PRICE: $69.90 (PC, version tested), $79.90 (PlayStation 4), $79.90 (Xbox One)
GENRE: First-person action
It might take a while to get used to the controls, especially when the high-octane action demands split-second reaction to run along a wall before jumping onto a ledge. Tap the button a second too late, and you end up as a splatter on the sidewalk.
The real fun of Catalyst began when the controls clicked and came naturally for me, a few hours into the game. I went from cautious runner to brazen daredevil, hopping and leaping across buildings with reckless abandon at an exhilarating pace.
The biggest addition to Catalyst is the mag rope, which Faith can throw out and use to swing across buildings or gaps like a superhero. This opens up far more options for travelling the game world.
Of course, there are baddies looking to break up your free-running fun. Combat in Catalyst can feel a little clunky at times, but this is somewhat redeemed by its integration into the polished parkour action.
By building up a "focus bar" through parkour stunts, Faith can run through and knock out the bad guys with just a single punch, making action more fluid and fast-paced.
Catalyst's storyline is a bit weak, with a generic "evil corporation wants to rule the masses" plotline and a few requisite twists thrown in.
Much of the joy of the game comes from exploring the open world of Glass, with lots of optional side missions to fulfil and opportunities to hit the ground running.
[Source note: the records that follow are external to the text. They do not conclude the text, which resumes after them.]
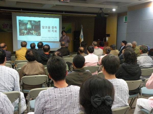 강연에 나선 의료원 정신과 신동환 과장은 "자주 마시면 중독에 빠지고 중독되면 개인 건강은 물론, 교통사고와 범죄, 가정폭력 등 사회문제를 야기하게 된다"며 "무엇보다 술에 대한 올바른 이해와 음주습관 개선이 필요하다"고 강조했다. 이어 알코올 중독자는 술병만 봐도 눈빛이 달라진다며 환자가 있는 가정에서는 절대 음주를 삼가 해야 한다고 강조했다.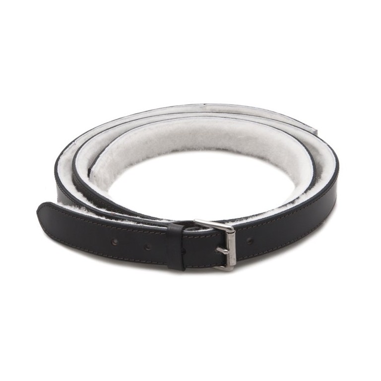 Brown Leather Strap 38mm (1 1/2 in) wide with substantial chrome plated buckle and wool lining on the inside of the strap to help reduce damage to the paintwork on your bonnet. It comes in two halves, the half with the buckle and the half with the holes to suit the buckle. As supplied the length is adjustable via the buckle from 2.055 metres (6 ft 9 in) to 1.880 metres (6 ft 2 in) but you can shorten it further by cutting and trimming the ends
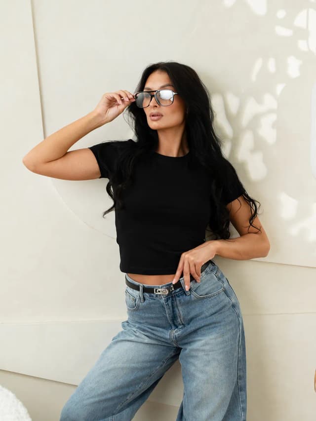 Футболка укороченная в рубчик хлопок
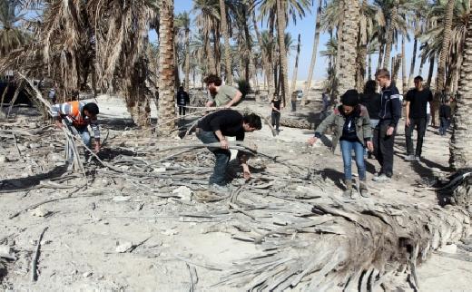 وما أن بدأ اعضاء المجموعة بشرب الشاي المعدِ على النار وتناول خبز الطابون حتى بدأ الحاج "أبو سفيان" (54 عاما) بتقسيم مجموعته إلى عدة عناصر بغية تنظيف القرية من اغصان النخيل التي ملأت المكان.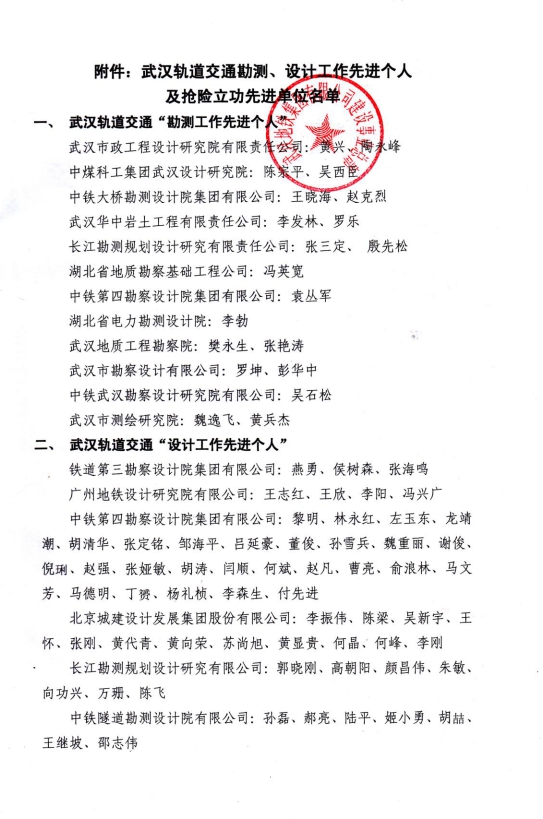 鑒于我公司在武漢市軌道交通3號(hào)線香惠區(qū)間地面塌陷搶險(xiǎn)工作中的突出表現(xiàn),武漢地鐵集團(tuán)有限公司建設(shè)事業(yè)總部授予我公司等6家勘察、設(shè)計(jì)單位“搶險(xiǎn)立功先進(jìn)單位”榮譽(yù)稱號(hào)。其中我公司在各單位中排在第一位。為激發(fā)武漢交通勘測、設(shè)計(jì)單位技術(shù)管理骨干的責(zé)任心和榮譽(yù)感,授予我公司羅坤、彭華中2位同志武漢軌道交通“勘測先進(jìn)個(gè)人”。(巖土一公司)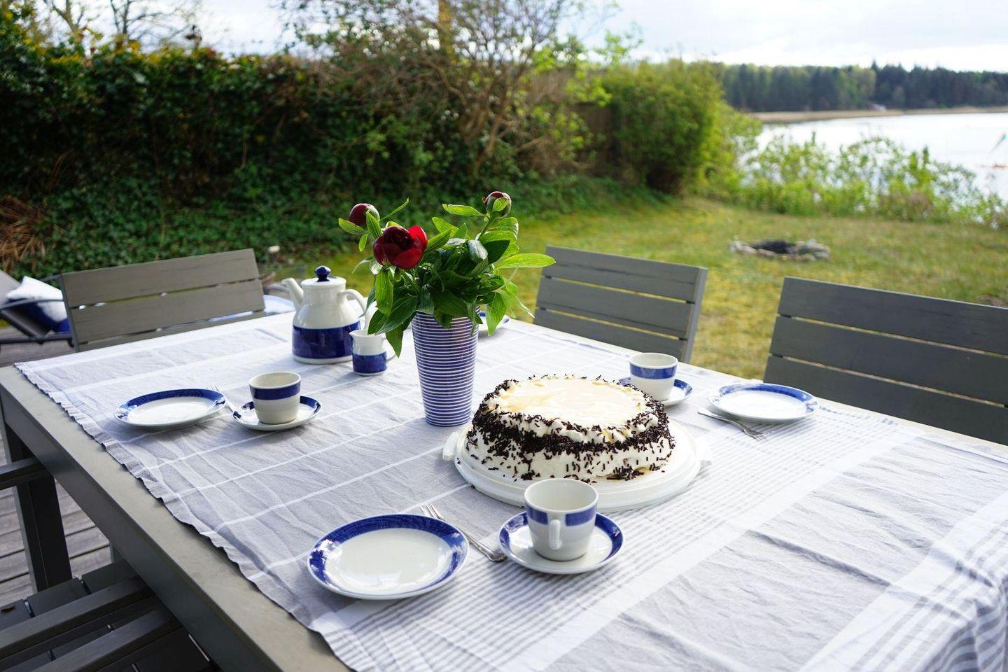 Von der Holzterrasse aus beobachten Sie die vorbeiziehenden Segelschiffe oder geniessen einen lauen Sommerabend an der eigenen Feuerstelle am Steilufer.
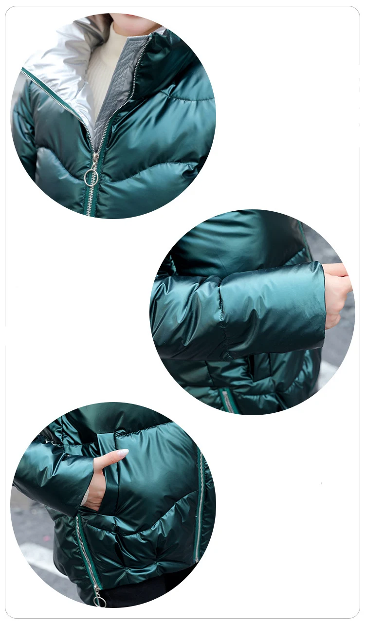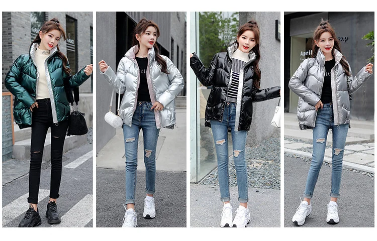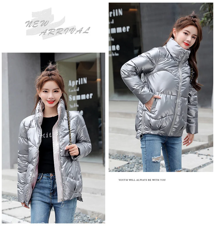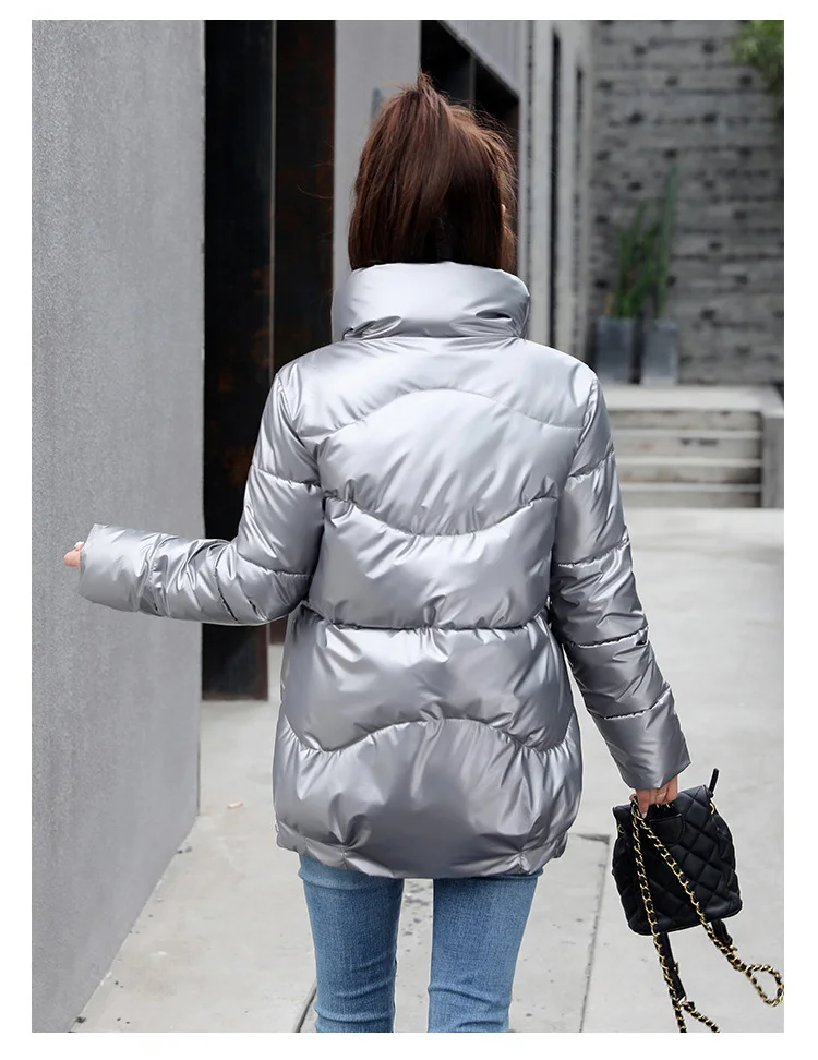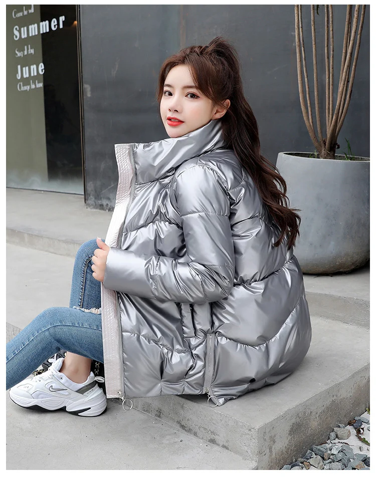 Модный Блестящий пуховик, зимнее пальто для женщин, корейский утепл...

Carrying out more missions earns you more Scrip, the currency to purchase upgrades in the form of fancy new moves, or combat skills that give you more options with Faith.
But after several hours of flipping and jumping as a lone player, and having zipped through most of the open world, things started to feel cold and stagnant.
The game world is also too sparsely populated, making the city feel too lifeless and uninteresting the more you traverse it.
I guess absolute freedom is still constrained by level design and character mechanics.
•Verdict: Mirror's Edge: Catalyst takes the parkour action of the original to new heights which fans will want to re-experience.